Recently, so-called automated decision systems have appeared, making decisions in real-time after weighing all the relevant data and rules (Turban et al., 2007). Such systems often make decisions without human intervention and are used for decisions that must be made frequently and very rapidly, using on-line information (Turban et al., 2007). Opportunities for decision support with a very short (immediate) planning horizon include (Sodhi, 2001): improving deployment of finished goods inventory, minimizing transportation costs, real-time tentative rescheduling of production and reconfiguring of orders to meet date requests. Building on theory and previous research a number of elements have been identified as essential in the creation of real-time and demand-driven supply chains. In order to capture a more holistic picture of supply chain planning and control that will support future developments in industrial business cases a conceptual framework and methodology for intelligent and demand-driven supply chain control have been developed. The main elements of the concept are shown in Fig. 1.
Fig. 1. Concept for intelligent and demand-driven supply chain control (adapted from Bjartnes et al., 2008)

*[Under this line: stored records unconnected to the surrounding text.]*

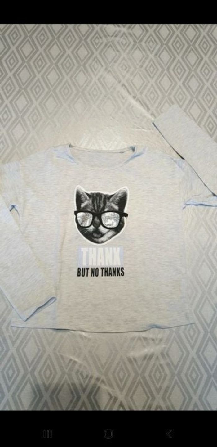 T-shirt manches longues. Tête de chat a lunettes de soleil. 8 ans.
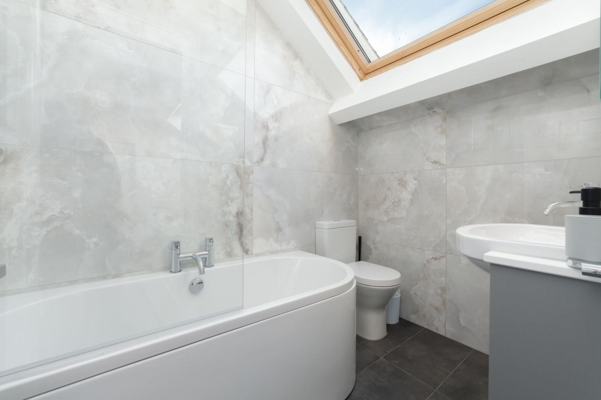Bathroom: Bath with shower over, WC and basin
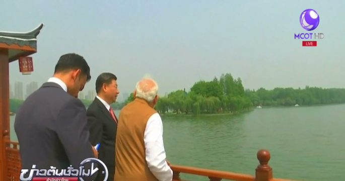 นายกรัฐมนตรีนเรนทรา โมดีของอินเดีย ล่องเรือกับประธานาธิบดีสี จิ้นผิงของจีน ที่เมืองอู่ฮั่น มณฑลเหอเป่ยในวันสุดท้ายของการเยือนจีน ซึ่งเป็นการพบอย่างไม่เป็นทางการมากกว่าจะเป็นการประชุมสุดยอด
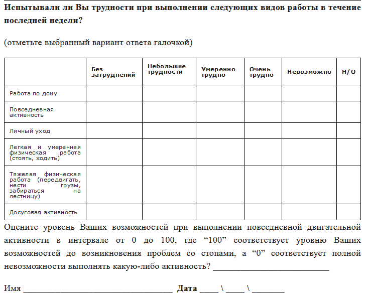 Вопросник функциональных возможностей стопы и голеностопного сустава
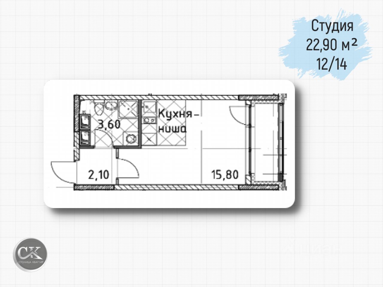 Характеристики квартиры: •Общая площадь: 21.6 м² •Жилая: 15.8 м² •Кухня: 2.0 м² •Санузел раздельный •Этажность: 12 из 14 •Год постройки дома 2024
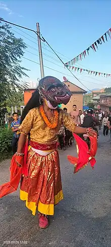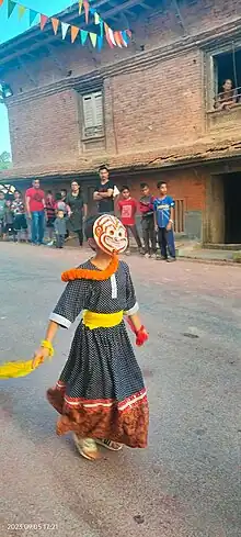 Performed by two 'Lakhey' and two 'Nakheycha', the dance is staged during the daytime of 'Sasthi' in the month of August or 6th day after the full moon in Bhadra.
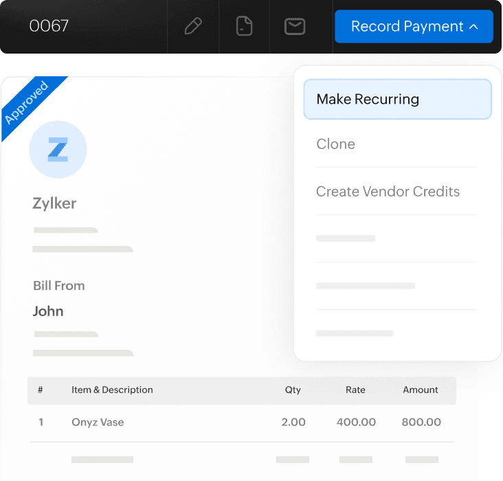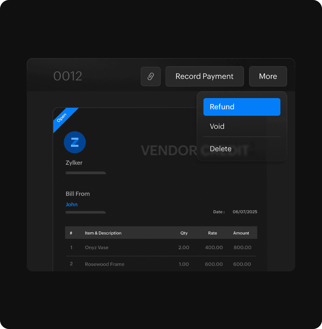 Made a purchase return or paid in advance? Record refunds and advance payments as credit notes. Zoho Books will remind you to use these vendor credits on your subsequent purchase bills for the vendor.
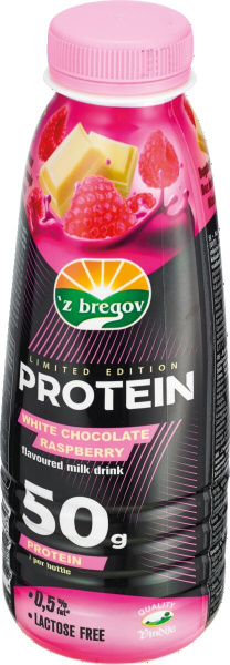 Mlečni napitek s proteini, bela čokolada in malina, Z Bregov, 500 ml
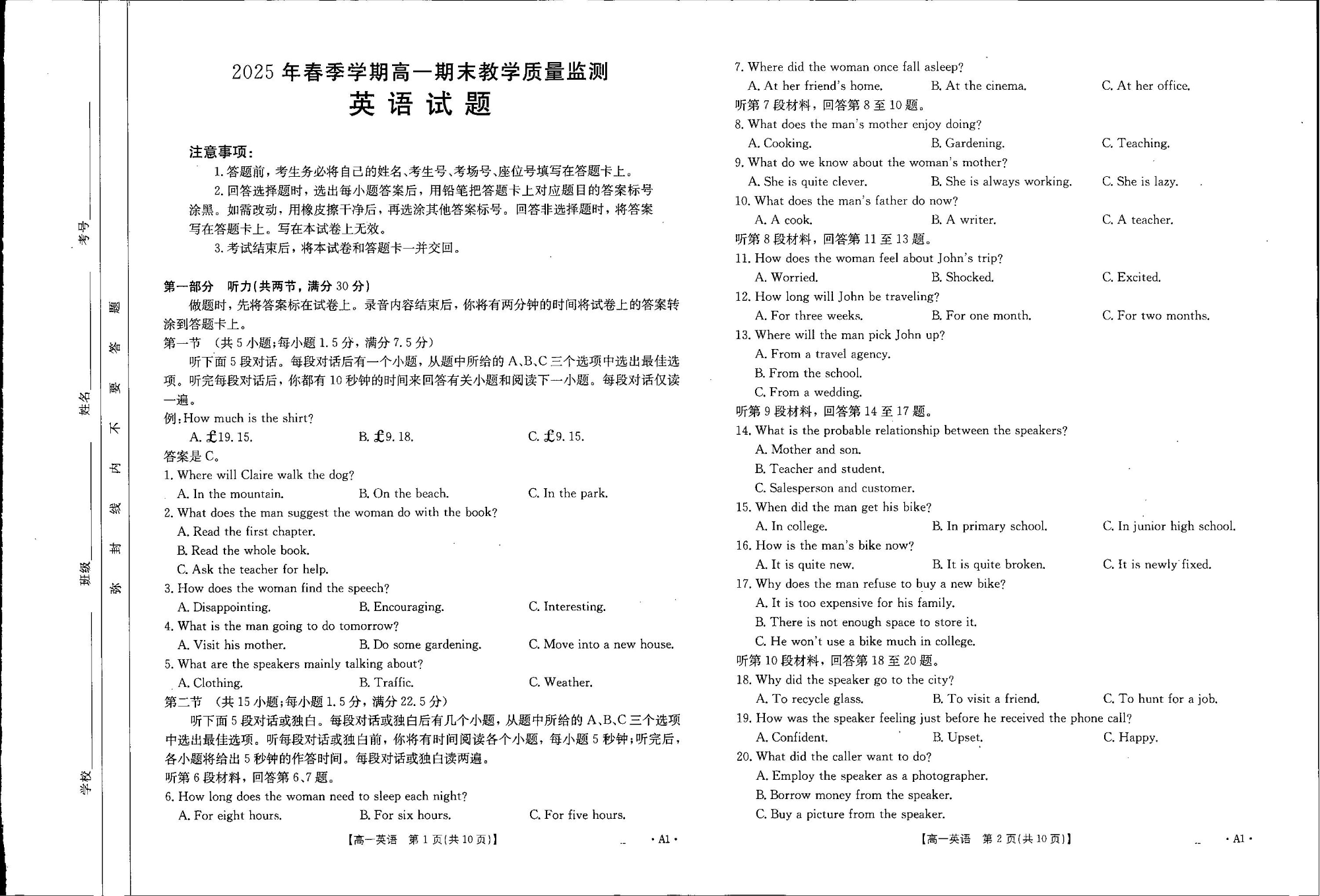 高一英语+答案--广西省贺州市2024-2025学年高一下学期金太阳期末教学质量监测
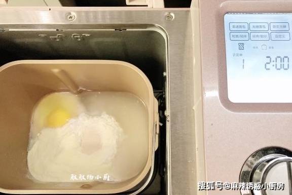 2.其它所有的材料都投进面包机启动和面功能先选择10分钟
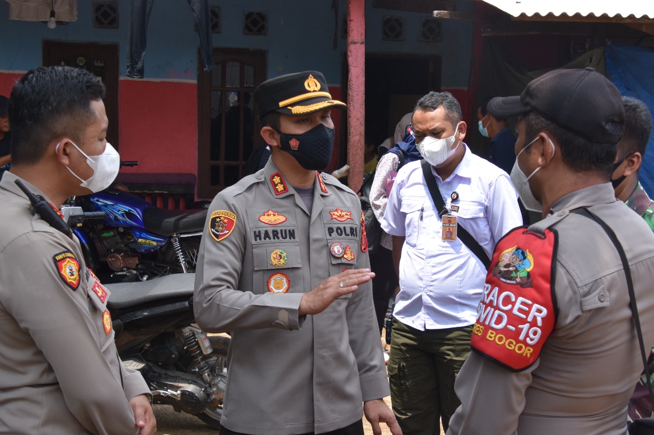 BOGOR, GMN – Polres Bogor, Kapolres Bogor AKBP Harun, S.I.K., SH melaksanakan kunjungan ke Kp. Bunisari RT 02/08 Kel. Cibinong Kec. Cibinong Kab. Bogor dalam rangka sidak vaksinasi hunter.(11/12).
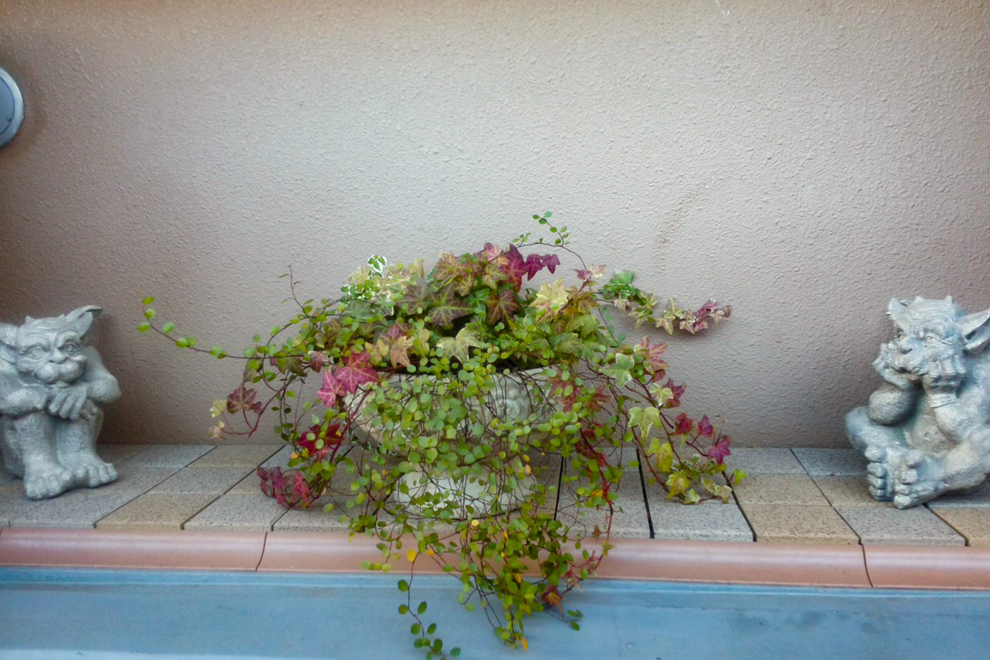 市販されているタイルを敷き詰めるだけの作業に加えて、イギリスのガーディナーの間では、守り神とされている小さな、でも愛嬌のある「ガーゴイル」2体を 寄せ植えを見守るように配しただけで、なんともいえない雰囲気が出てきたではありませんか?

4 Example: The Automed Supply Chain
In the following, the simplified case of a supply chain in the Norwegian pharmaceutical/pharmacy industry is used to illustrate the control concept described in Fig. 1, leading to a set of principles for its realisation. The case stems from a threeyear R&D project called Automed (automated replenishment of medicine), which ended in 2008. The project’s objectives included development of a control model for automatic replenishment from manufacturer through wholesaler to pharmacies and a control dashboard prototype. Norwegian pharmacy legislation is among the most liberal in the world, and a new law in 2001 opened up for extensive vertical and horizontal integration. Today, the Norwegian pharmacy market consisting of approx. 500 pharmacies is dominated by three pharmacy chains – which are each owned by three major European wholesalers. Thus, the wholesaler and pharmacy chain in the Automed supply chain are owned by the same European group. The manufacturer is among the world’s largest pharmaceutical suppliers and manufactures most products for the Norwegian market in a plant located near Oslo. The plant makes prescription and non-prescription drugs (tablets, mixtures, sprays, lotions, etc.), skin care products and other commercial goods sold in pharmacies, in total 750 different finished goods. The wholesaler keeps an inventory of approx. 10.000 stock keeping units (SKU), which are distributed to
pharmacies in the retail chain nationwide from a warehouse in the Oslo area. Each of the approx. 140 pharmacies in the chain typically carries approx. 3-4.000 SKUs. At the start of the project each pharmacy manually placed daily orders to the wholesaler, for delivery the next day. Orders were mainly based on daily sales and current inventory levels. The wholesaler manually placed orders with the manufacturer once a week, for delivery one week later. Orders were based on historic sales to pharmacies, forecasted demand and current wholesaler inventory levels. Manufacturing was MTS based on forecasted demand from wholesalers and current levels of finished goods in inventory. Orders for raw materials typically had a lead time of three months and were placed monthly. A number of challenges faced the supply chain actors in Automed at the start of the project. Some were results of government regulations, while others were a result of sup-optimisation and a lack of overall supply chain control. Main challenges related to supply chain operations included traditional MTS and batch manufacturing, large inventories at wholesaler level, low ingoing service levels from manufacturers to wholesaler, limited flexibility in manufacturing due to strict government regulations regarding approval of manufacturing batch sizes, long lead and throughput times, very little value creating time, limited information sharing between actors, little focus on logistics parameters in performance measurement, and high administrative costs in order handling, purchasing and forecasting. During the project, a number of possible improvements to the AS IS situation were identified and a unified supply chain control model containing principles and decision rules for real-time integrated supply chain control was collaboratively designed. Table 1 illustrates a number of principles applied in the design of this TO BE model. Some of these were implemented during the project, while others reflect the ideal control model for the Automed supply chain.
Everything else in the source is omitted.